Abstract: Anaerobic Membrane Bioreactor (AnMBR) is a promising technology for sustainable domestic wastewater (DWW) treatment, enabling energy, water, and nutrients recovery at low biomass production rates. However, membrane fouling remains a major challenge, increasing costs and limiting long-term performance. While fouling is often attributed to biomass components like extracellular polymeric substances (EPS), the mechanisms linking biomass responses to operational conditions and fouling remain poorly understood. This study presents a mechanistic framework for AnMBR fouling, demonstrating how changes in organic loading rate (OLR) and coagulant addition influence sludge rheology, sludge dewaterability, EPS hydration and viscoelasticity, and ultimately affecting membrane fouling propensity. Parallel investigations at lab- and pilot-scale AnMBR systems treating real DWW provide a unique comparison between controlled and real-world conditions. Our integrated microscale-to-macroscale approach captures the complexity of biomass behavior. On the microscale, EPS hydration and viscoelasticity were analyzed using quartz crystal microbalance with dissipation (QCM-D) and localized surface plasmon resonance (LSPR). On the macroscale, dynamic rheometry, sludge volume index (SVI), and capillary suction time (CST) quantified biomass stability and dewaterability, while optical coherence tomography (OCT) and scanning electron microscopy (SEM) revealed biomass floc structure and fouling layer formation. Our findings provide an expansive explanation of how OLR and coagulant addition affect biomass destabilization and membrane fouling in AnMBR for DWW treatment, paving the way for improved fouling mitigation strategies and contributing to more stable and cost-effective AnMBR operations.

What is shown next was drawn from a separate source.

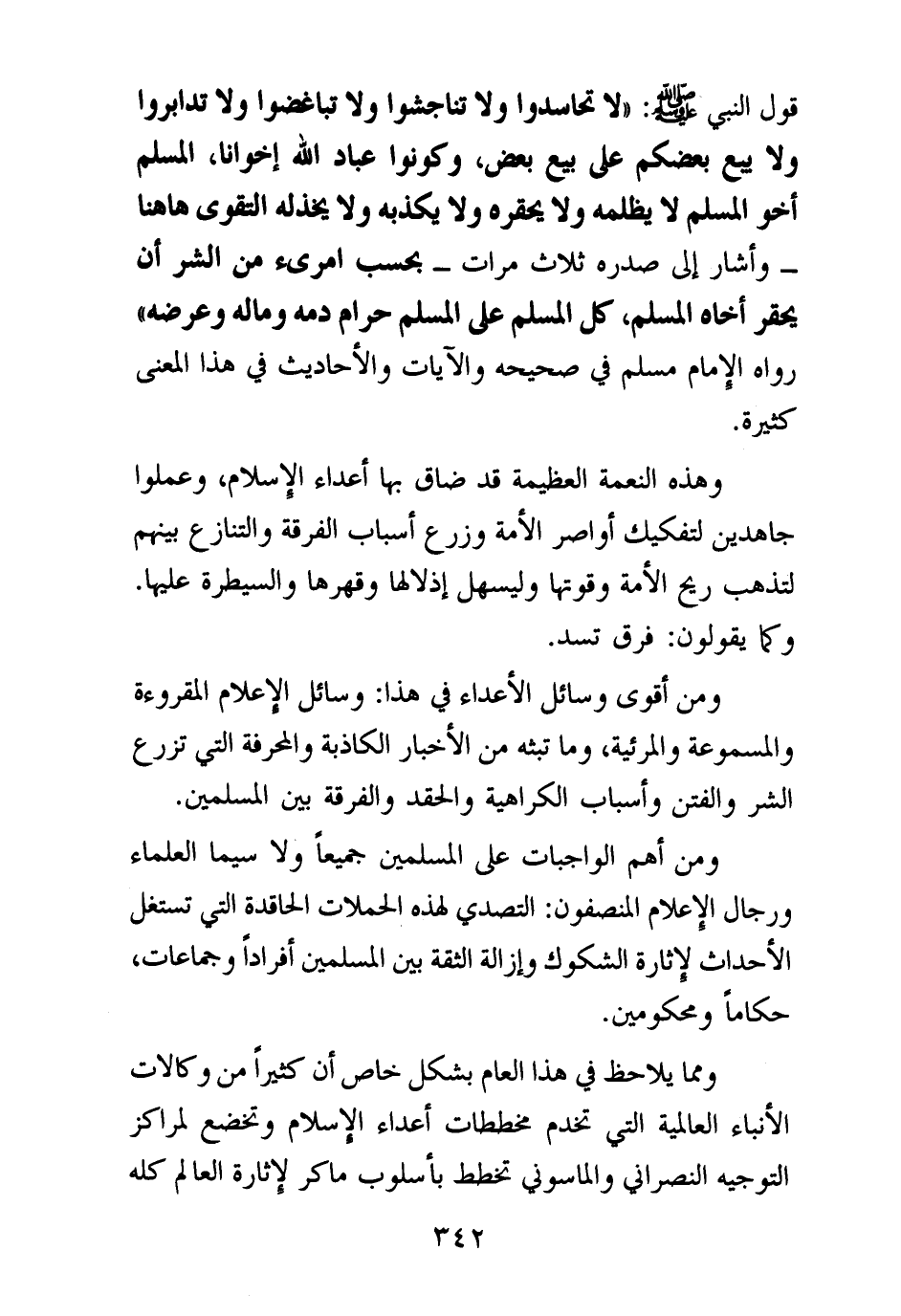 قول النبي صلى الله عليه وسلم: «لا تحاسدوا ولا تناجشوا ولا تباغضوا ولا تدابروا ولا يبع بعضكم على بيع بعض وكونوا عباد الله إخوانا المسلم أخو المسلم لا يظلمه ولا يحقره ولا يكذبه ولا يخذله التقوى هاهنا - وأشار إلى صدره ثلاث مرات - بحسب امرئ من الشر أن يحقر أخاه المسلم كل المسلم على المسلم حرام دمه وماله وعرضه (¬1) » رواه الإمام مسلم في صحيحه، والآيات والأحاديث في هذا المعنى كثيرة.

Bio- Moshe Herzberg is a full professor at the Zuckerberg Institute for Water Research in Ben-Gurion University of the Negev, ISRAEL, appointed as a faculty member, since 2007. Prof. Herzberg did his postdoctoral training in Yale University and received both a PhD in Agricultural Engineering and BSc in Chemical Engineering from the Technion, the Israel Institute of Technology. Prof. Herzberg's research interests focus on microbial biofilms, biofouling and fouling of membranes, interfacial processes that relate to membrane separation and "anti-fouling" modified-membranes. Prof. Herzberg is an author of 90 scientific publications and more than 140 presentations and seminars. He serves as a co-leader of the CoWERC, the US-Israel Collaborative Water-Energy Research Center. Prof. Herzberg is currently performing an enhanced synergistic collaboration with different scientists and industries around the world, from Jordan, Italy, the united-states, and Israel.